The York Regional Dream Center will soon have a holistic health center join its faith-based ministries.
The Dream Center, located on the hill at 74 E. Forrest Ave. in Shrewsbury Township, is an effort of about a dozen churches in the area. Inspired by the Los Angeles Dream Center, it aims to help meet the basic needs of the community through a fitness center, food distribution center, kitchen and clothing donation center.
And at the health center, a loan closet for durable medical equipment is expected to open within the next three months, said health ministry director Corrine Mayhorne.
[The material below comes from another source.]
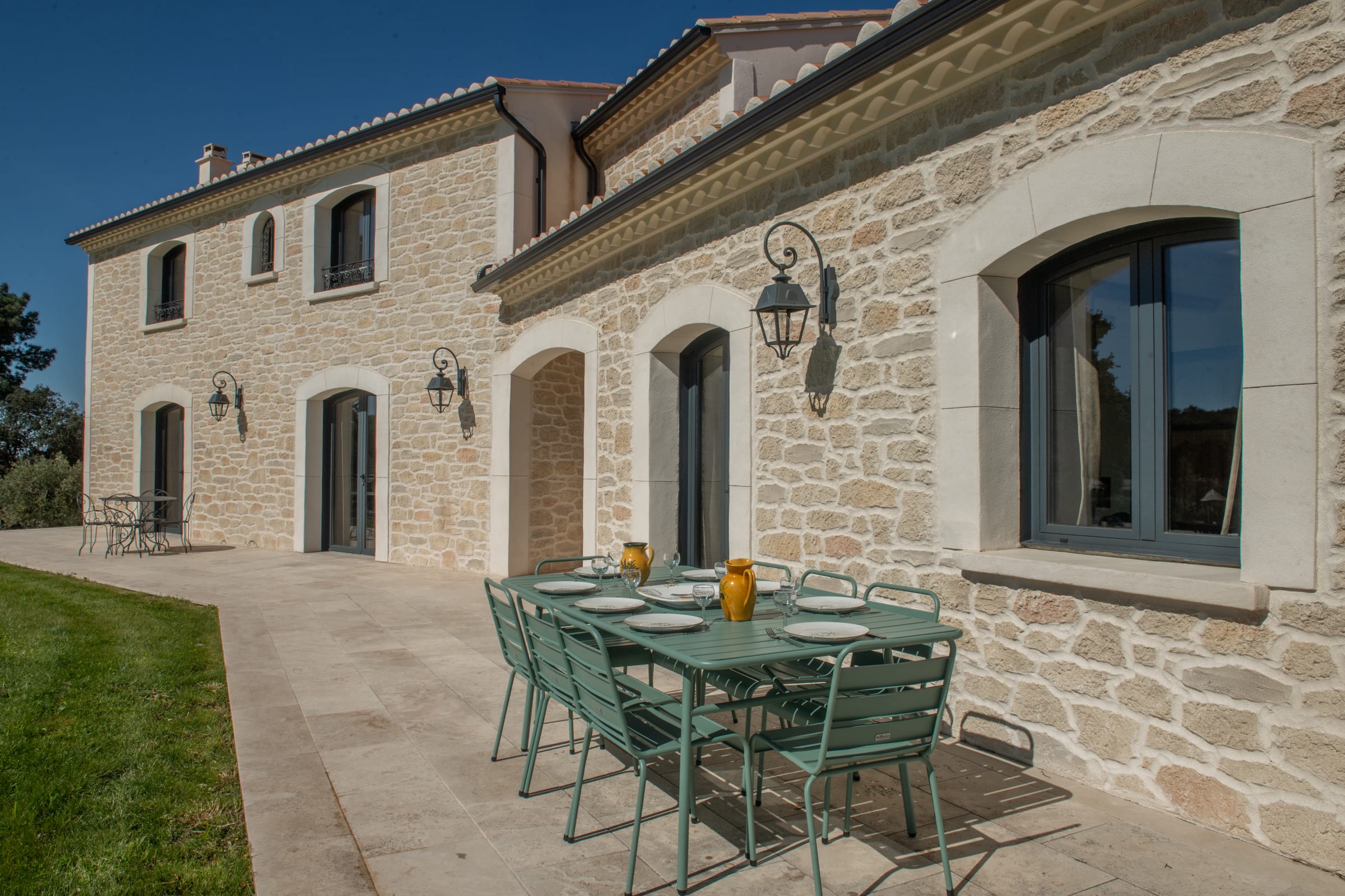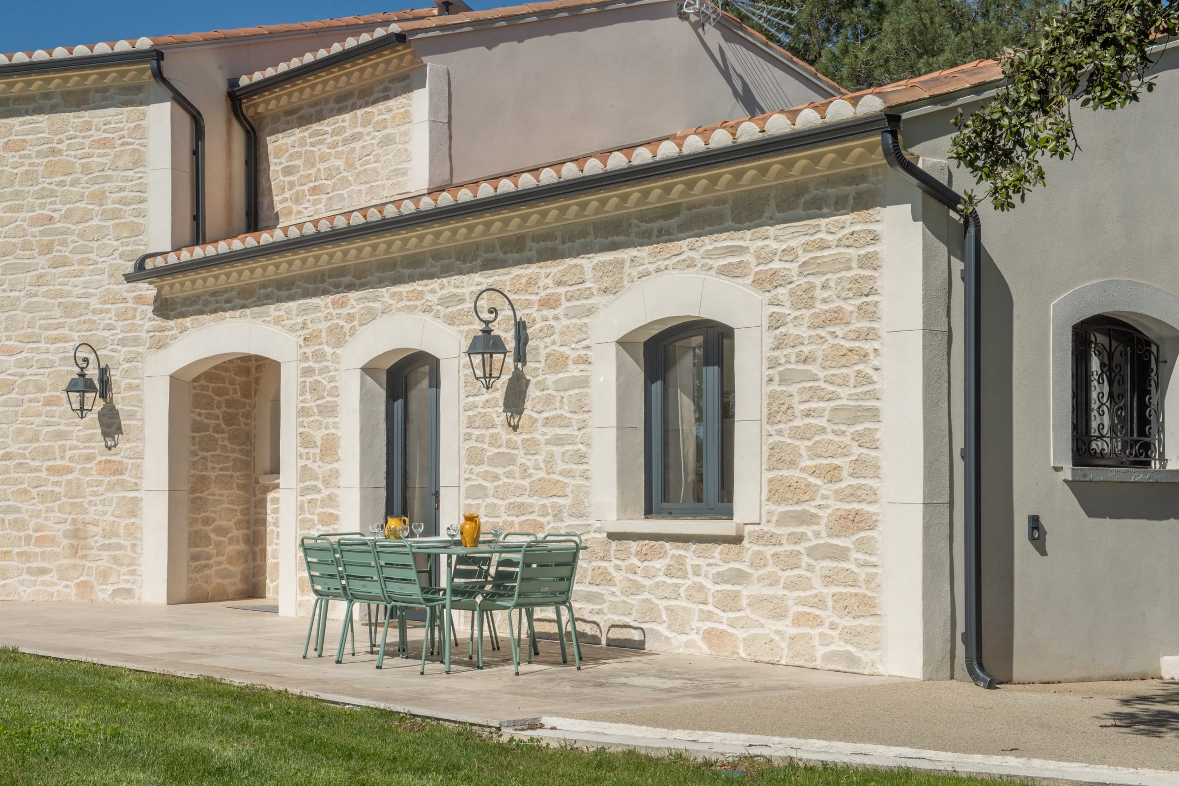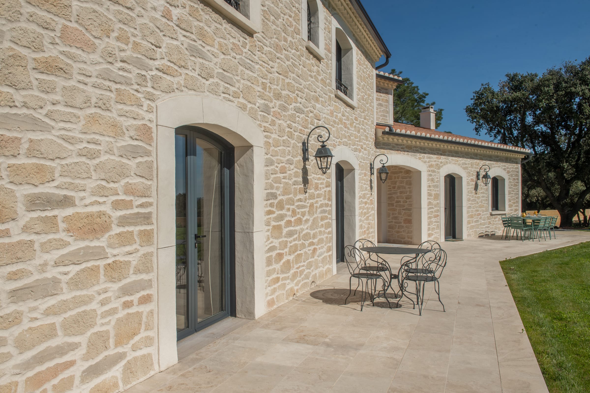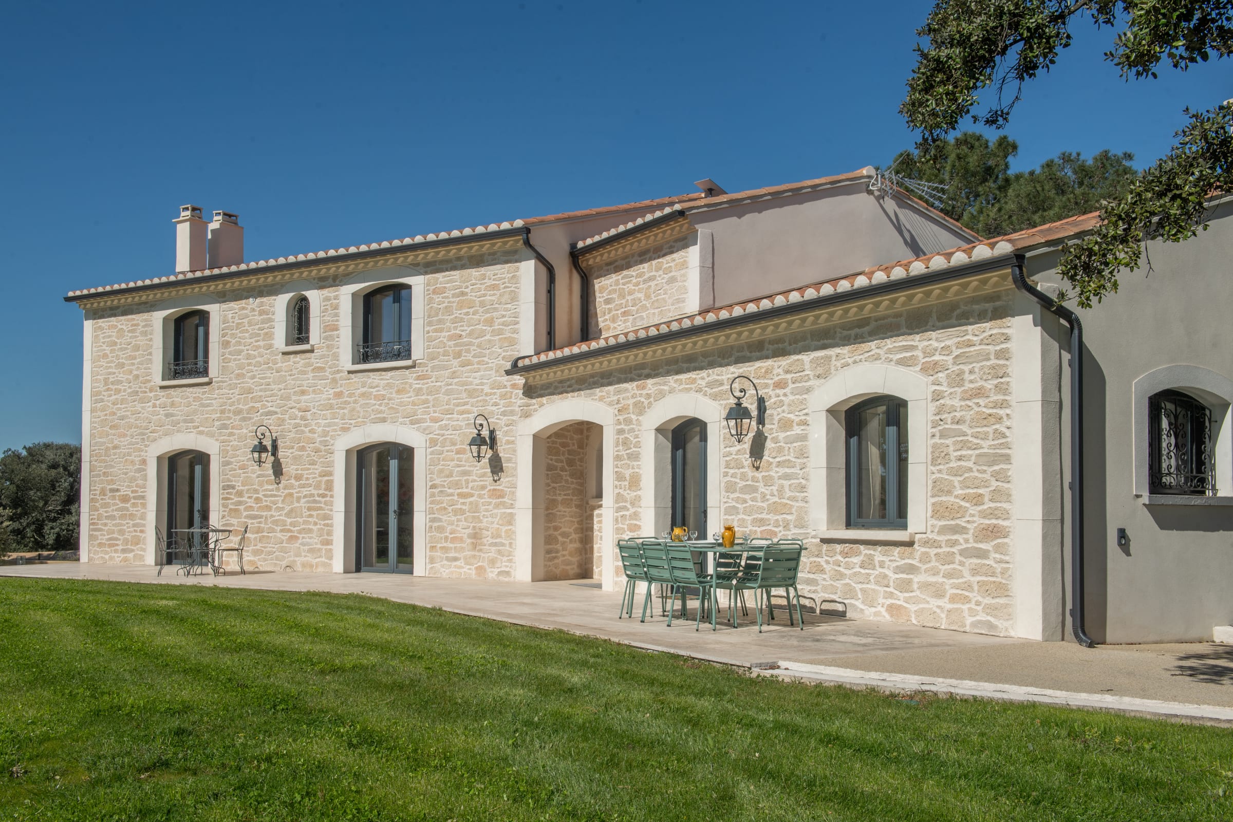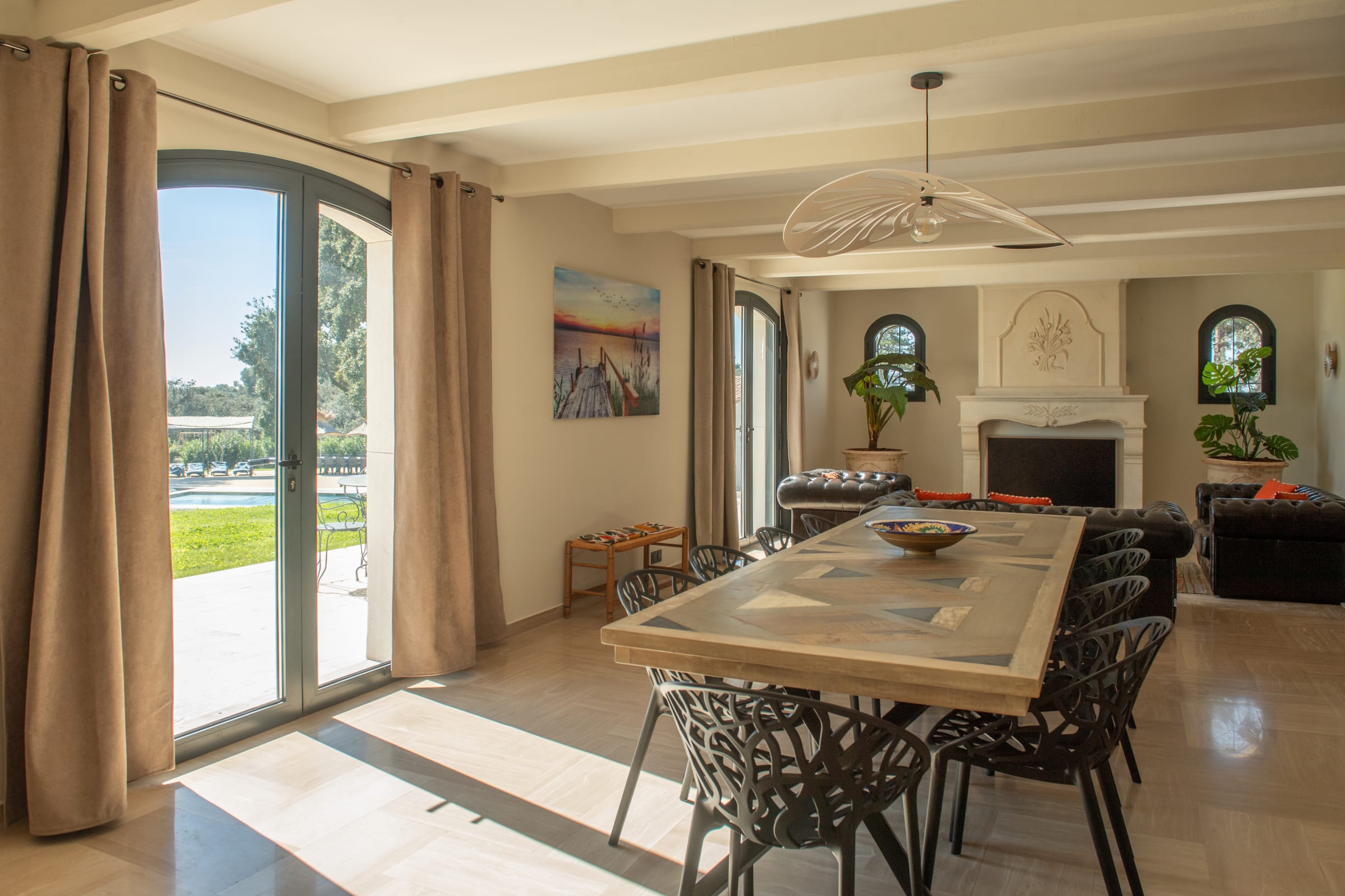 The outdoor spaces are designed as a succession of inviting living areas. Sun loungers are perfectly positioned to enjoy the garden and the pool, while two elegant outdoor lounges create true open-air living spaces, ideal for both convivial gatherings and more intimate moments. Each terrace reveals a different ambiance, allowing you to fully enjoy every moment of the day, from peaceful mornings to long summer evenings.
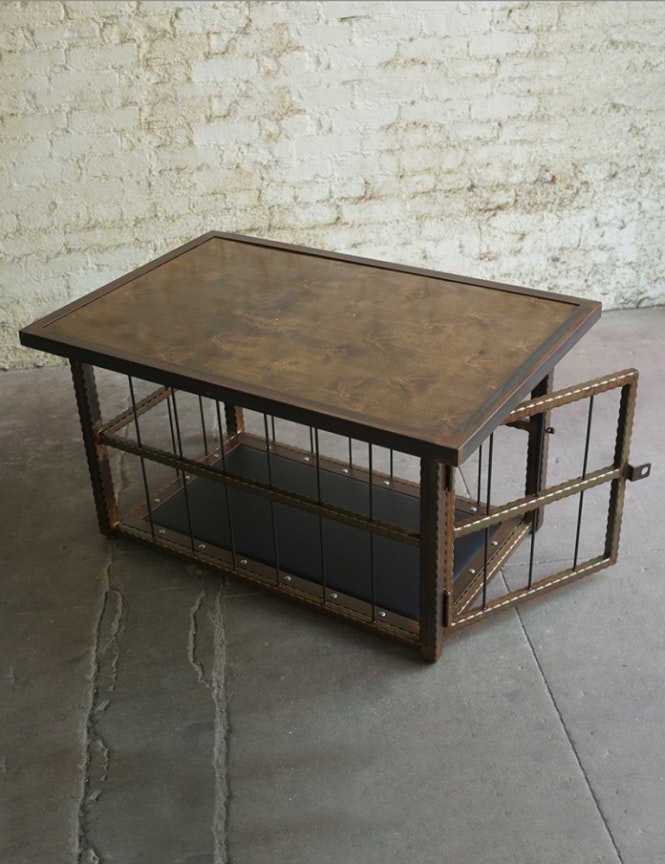 בתחתית השולחן צריך להיות כלוב עם סורגים ממתכת ודלת עם מנעול שיהיה אפשר להיכנס מעל לכלוב יהי השולחן עצמו מעוצב בצורה יפה

Educational wellness programs will start up in that time, too, she said.
"We want people who have need to have access to it as soon as possible," Mayhorne said.
The larger plan is to have medical and dental clinics available to uninsured and underinsured adults, she said.
Hopefully, she said, the center — which will be much like a doctor's office, with a waiting area and exam rooms — will be operating with those services in the next year.
But that timeframe will depend on funding and volunteers.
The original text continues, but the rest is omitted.